▶ [Task brief]
The entries below contain a line with "间距/位数 (MM/P):3.5/2*2-2*24 UL技术参数:B" and a line with "Travelling north, this". Retype exactly everything from the first down to the second, both included, and nothing else.

▶ [Provided information]

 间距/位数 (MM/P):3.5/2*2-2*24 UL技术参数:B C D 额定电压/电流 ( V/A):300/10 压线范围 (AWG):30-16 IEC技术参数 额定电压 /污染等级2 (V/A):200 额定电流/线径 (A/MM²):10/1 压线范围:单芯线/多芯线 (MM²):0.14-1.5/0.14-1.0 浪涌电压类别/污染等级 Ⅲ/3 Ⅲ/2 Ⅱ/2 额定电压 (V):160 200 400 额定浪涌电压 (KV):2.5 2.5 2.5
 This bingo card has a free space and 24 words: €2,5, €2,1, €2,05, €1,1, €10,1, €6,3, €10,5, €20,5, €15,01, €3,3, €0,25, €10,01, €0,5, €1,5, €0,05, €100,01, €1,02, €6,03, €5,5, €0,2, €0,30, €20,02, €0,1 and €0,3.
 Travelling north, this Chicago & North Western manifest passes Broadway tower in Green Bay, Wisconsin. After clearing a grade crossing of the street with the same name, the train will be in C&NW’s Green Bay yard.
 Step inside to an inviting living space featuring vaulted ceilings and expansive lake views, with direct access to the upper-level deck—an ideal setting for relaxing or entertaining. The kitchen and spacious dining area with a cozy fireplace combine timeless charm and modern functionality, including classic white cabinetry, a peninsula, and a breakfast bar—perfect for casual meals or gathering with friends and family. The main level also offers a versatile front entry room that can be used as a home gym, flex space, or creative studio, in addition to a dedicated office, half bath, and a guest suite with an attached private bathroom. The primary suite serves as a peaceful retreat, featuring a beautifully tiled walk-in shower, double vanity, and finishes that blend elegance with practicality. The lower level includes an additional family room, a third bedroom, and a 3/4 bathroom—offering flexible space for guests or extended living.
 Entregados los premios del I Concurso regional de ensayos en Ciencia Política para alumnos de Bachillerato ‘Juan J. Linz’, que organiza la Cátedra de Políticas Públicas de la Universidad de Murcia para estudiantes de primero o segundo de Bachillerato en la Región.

...

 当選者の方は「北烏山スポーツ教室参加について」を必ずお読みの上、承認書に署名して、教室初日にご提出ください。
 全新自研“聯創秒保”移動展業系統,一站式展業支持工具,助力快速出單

▶ [Result below]
 间距/位数 (MM/P):3.5/2*2-2*24 UL技术参数:B C D 额定电压/电流 ( V/A):300/10 压线范围 (AWG):30-16 IEC技术参数 额定电压 /污染等级2 (V/A):200 额定电流/线径 (A/MM²):10/1 压线范围:单芯线/多芯线 (MM²):0.14-1.5/0.14-1.0 浪涌电压类别/污染等级 Ⅲ/3 Ⅲ/2 Ⅱ/2 额定电压 (V):160 200 400 额定浪涌电压 (KV):2.5 2.5 2.5
 This bingo card has a free space and 24 words: €2,5, €2,1, €2,05, €1,1, €10,1, €6,3, €10,5, €20,5, €15,01, €3,3, €0,25, €10,01, €0,5, €1,5, €0,05, €100,01, €1,02, €6,03, €5,5, €0,2, €0,30, €20,02, €0,1 and €0,3.
 Travelling north, this Chicago & North Western manifest passes Broadway tower in Green Bay, Wisconsin. After clearing a grade crossing of the street with the same name, the train will be in C&NW’s Green Bay yard.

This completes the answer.